Eine fehlerhafte Neddylierung ist unter anderem an Krebs, neurodegenerativen Erkrankungen und Herzerkrankungen beteiligt.[2][7]

Einzelnachweise

  1. a b c d e f NEDD8 - NEDD8 precursor - Homo sapiens (Human) - NEDD8 gene & protein. In: uniprot.org. 13. Februar 2019, abgerufen am 12. März 2019 (englisch).
  2. a b c d S. Kandala, I. M. Kim, H. Su: Neddylation and deneddylation in cardiac biology. In: American journal of cardiovascular disease. Band 4, Nummer 4, 2014, S. 140–158, PMID 25628956, PMC 4299693 (freier Volltext).
  3. R. Groisman, J. Polanowska, I. Kuraoka, J. Sawada, M. Saijo, R. Drapkin, A. F. Kisselev, K. Tanaka, Y. Nakatani: The ubiquitin ligase activity in the DDB2 and CSA complexes is differentially regulated by the COP9 signalosome in response to DNA damage. In: Cell. Band 113, Nummer 3, Mai 2003, S. 357–367, PMID 12732143.

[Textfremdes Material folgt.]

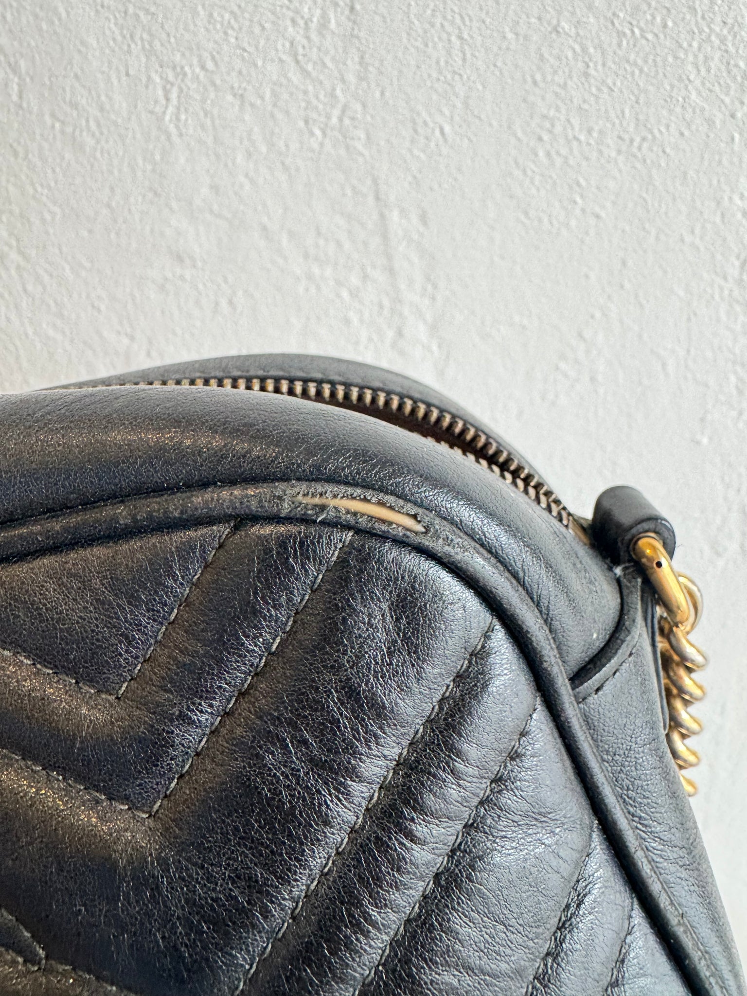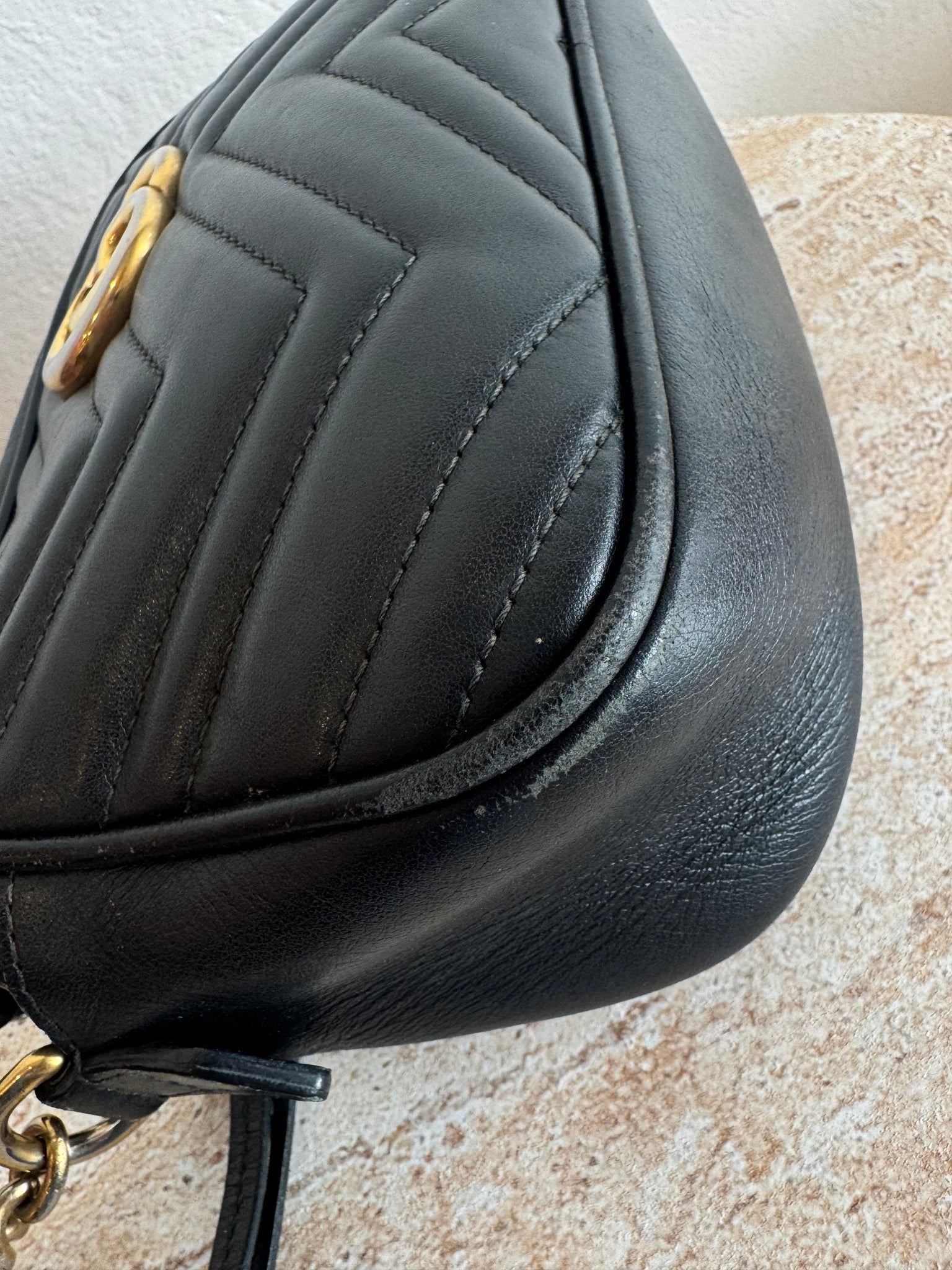 - Black matelassé chevron leather

  4. a b J. S. Brown, N. Lukashchuk, M. Sczaniecka-Clift, S. Britton, C. le Sage, P. Calsou, P. Beli, Y. Galanty, S. P. Jackson: Neddylation promotes ubiquitylation and release of Ku from DNA-damage sites. In: Cell Reports. Band 11, Nummer 5, Mai 2015, S. 704–714, doi:10.1016/j.celrep.2015.03.058, PMID 25921528, PMC 4431666 (freier Volltext).
  5. Z. Q. Pan, A. Kentsis, D. C. Dias, K. Yamoah, K. Wu: Nedd8 on cullin: building an expressway to protein destruction. In: Oncogene. Band 23, Nummer 11, März 2004, S. 1985–1997, doi:10.1038/sj.onc.1207414, PMID 15021886.
  6. N. M. Czuczman, M. J. Barth, J. Gu, V. Neppalli, C. Mavis, S. E. Frys, Q. Hu, S. Liu, P. Klener, P. Vockova, M. S. Czuczman, F. J. Hernandez-Ilizaliturri: Pevonedistat, a NEDD8-activating enzyme inhibitor, is active in mantle cell lymphoma and enhances rituximab activity in vivo. In: Blood. Band 127, Nummer 9, März 2016, S. 1128–1137, doi:10.1182/blood-2015-04-640920, PMID 26675347, PMC 4778163 (freier Volltext).
  7. Y. Chen, R. L. Neve, H. Liu: Neddylation dysfunction in Alzheimer's disease. In: Journal of cellular and molecular medicine. Band 16, Nummer 11, November 2012, S. 2583–2591, doi:10.1111/j.1582-4934.2012.01604.x, PMID 22805479, PMC 3484225 (freier Volltext).